The poetry of “The Space Between” is unrivaled in any erotica I’ve read to date, impressive in its insight and language. Through precise imagery, masterfully concise narrative, suspense and moral ambiguity, James establishes the skewed intimacy that sheds a devastatingly uncomfortable light upon pedophilia, rape and sexual exploitation. I’ve never read a story of this type that left me feeling like I suddenly knew what it was like to be such a victim. Profound.

 

“Storm,” reminiscent of Faulkner, is a tour de force of poetic family narrative: surreal, succinct and heart-breakingly tragic.

 

“Church” is so beautifully affirming a human story in its examination of one’s religious upbringing, moving beyond the usual focus on bigotry and schism to discover the underlying power and consolation of one’s spiritual community of origin.

 

“Rahen” examines the complexities of a gay bashing—from the implicit approval underlying even the most severe condemnation of the perpetrators to the self-preserving betrayals among the terrified gay kids and the urge to silence even among the most just authority figures. In “Rahen,” the best gay-bashing story I’ve ever read, James raises the moral stakes to the level of Greek tragedy.

 

“The Embrace” presents all the excitement, anxiety, promise and dread of allowing yourself to take a chance and fall or jump into a romance that will either liberate or destroy you. A classic story of the only way to find some things out is to put aside one’s fear, trust one’s heart and go for it.

 

Treading on territory many writers today avoid like the plague, James is fearless in his exposure of men on the ‘down-low’ and the dangerously skewed paranoia around child sexuality and eroticism. So, you want to know what’s really going on? Read G. Winston James.

 

A book full of ideas, James re-examines and sheds light upon issues that are far too often glossed over—for instance, the paradox of what we desire; the eroticism of being a child; the tenderness inside violence; the sexual intimacy of siblings;  the madness of the human heart.

 

James explores in vivid, raw, disturbing detail the gritty realities of gay black life. These are stories that need to be heard, and that shockingly even 40 years into the gay movement are still being silenced, ignored or overlooked. I’ve been waiting for someone like James to tell me these essential stories of gay life.

 

James presents moral truths and their ambiguity, which makes their exploration so vital. Raising all kinds of questions, I don’t want to hear. Oh, but I do, we do.

 

The big issues in a queer life are still religion, race, class, courage and insight—all the parts that the inane, superficial and consumerist media more or less ignore. James’ stories are not stories of victims, but rather of individuals grappling with violence, oppression, negligence and their own courage to be who they are at whatever the cost.

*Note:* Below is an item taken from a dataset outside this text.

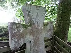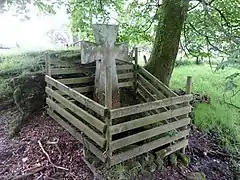 The substantial red sandstone cross is of an unknown date, almost certainly erected by the Campbells of Auchmannoch in the 19th century. It carries the inscription 'The Lady's Well' in flowing Old English script and also the date 'About AD 1258' representing when the lands were first granted to the Abbey of Melrose or possibly the date of the discovery of the well.[10] Postcards carry the inscription 'Wishing Well' and a pipe can be seen carrying the overflow flow from the well into the Stra Burn.[11] A substantial stone trough has been set into the ground with the cross at the top and a narrow secondary overflow appears to be present in addition to the aforementioned pipe that leads to the Stra Burn. A substantial amount of graffiti has been added to the cross over the years.
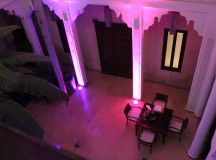 Le rez-de-chaussée, dans un esprit plus tendance et espace lounge, illuminé le soir de teintes mauves, procure un sentiment d’harmonie et de bien-être… de la salle à manger où vous pourrez apprécier la quintessence de la cuisine locale au salon intime et chaleureux ouvert sur le spacieux patio rythmé par le gargouillis de sa fontaine, où l’on vous servira un verre de thé à la menthe accompagné des meilleures pâtisseries marocaines…

James’ voice is a mature voice, a voice too little heard in gay fiction these days, or in fiction generally, a genre that has grown so tepid in the past few decades that it borders on irrelevant. With these stories, James breathes new life into American fiction. Recommending his work to readers is too weak a statement—rather I implore readers:  you need to hear this man’s voice. You’ll walk away a larger human being—and that, my friends, is the time-honored point of literature. James is the real thing and then some.

 

 

Trebor Healey is the Ferro-Grumley and Violet Quill award-winning author of the novel Through It Came Bright Colors, as well as the short story collection, A Perfect Scar and Other Stories.